„Verbietet doch endlich“

BSE-Verdacht in Schleswig-Holstein endgültig ausgeräumt. Wursthersteller kritisiert „Spezialitäten“ aus Risikomaterial  ■ Von Sandra Wilsdorf

Aus manchem Wild- und Geflügelladen oder Fischgeschäft quollen am Sonnabend Schlangen auf die Straße. Während BSE so manchem den Appetit auf Filetsteaks oder Kalbsmedaillons verdorben hat, brachten andere trotzig ihr Traditionsrind auf den Tisch. Aber auch jenseits der weihnachtlichen Tafeln war BSE Thema: Der seit Ende vergangener Woche bestehende Verdacht auf drei neue BSE-Fälle in Schleswig-Holstein und Mecklenburg-Vorpommern ist nun endgültig ausgeräumt. Die immunhistologische Untersuchung von Proben der drei Rinder fiel am Montag negativ aus.

Die endgültige Analyse nahm das Landesveterinär- und Lebensmitteluntersuchungsamt in Potsdam im Auftrag des Nationalen Referenzlabors Tübingen vor, nachdem ein Hamburger Labor bei den BSE-Schnelltests zu unklaren Ergebnissen gekommen war und das Referenzlabor auf negativ befunden hatte. Die zwei in Schleswig-Holstein in Verdacht geratenen Tiere stammten von Höfen aus den Kreisen Rendsburg-Eckernförde und Plön.

Unterdessen erhebt Claus Dölling, Mitinhaber der Dölling/hareico-Fleischwerke in Elmshorn, schwere Vorwürfe gegen die Politik. „Was Politiker zum Teil äußern, ist ein Verbrechen an einer ganzen Branche“, sagte er mit Blick auf einen 20-prozentigen Umsatzeinbruch. Viele Unternehmen seiner Branche böten seit Jahren hohe Qualität. Wenn einige Firmen für ihre Wurstsorten noch immer Risikomaterial verwendeten, dann sei dies schließlich von der Politik ausdrücklich erlaubt: „Und wir werden dann mit der Billigleberwurst in einen Topf geworfen.“

Verantwortlich für das deutsche „Lebensmittelbuch“ ist das Bundesgesundheitsministerium. Es bestimmt die erlaubten Zutaten für Nahrungsmittel, unter anderem die Leitsätze für Wurstwaren. Risikomaterial ist danach noch immer erlaubt, vor allem, weil einige regionale Spezialitäten auf Zutaten wie Hirn oder Innereien basieren. „Verbietet doch sowas endlich. Wir brauchen keine so genannten Spezialitäten aus Risikomaterial“, forderte Dölling. Unter dem Imageverlust dieser Nischenprodukte leide die ganze Branche. Ein Sprecher des Bundesverbandes der Fleischwarenindustrie erklärte, dass ab Januar die Leitsätze geändert würden.
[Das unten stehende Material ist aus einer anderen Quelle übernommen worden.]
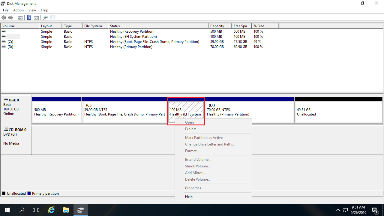 Como você pode ver na captura de tela, uma partição de sistema EFI de 100 MB é criada atrás da unidade C após a conversão do Disco 0 para GPT. Ao clicar com o botão direito nela, todas as opções estão esmaecidas. Isso significa que o Gerenciamento de Disco não pode fazer nada na partição EFI.

Für Dölling kommt diese Reaktion der Gesetzgebung zu spät: „Man hätte viel früher mehr Geld in die BSE-Forschung stecken müssen. Stattdessen wurde uns vorgegaukelt, wir lebten auf einer Insel der Glückseligen.“ Einen stabilen Umsatz könne nur das Vertrauen der Verbraucher garantieren. Dölling glaubt, dass das einem mittelständischen Familienunternehmen wie Dölling/hareico mit 500 Angestellten besser gelinge als den „Wurstgiganten“.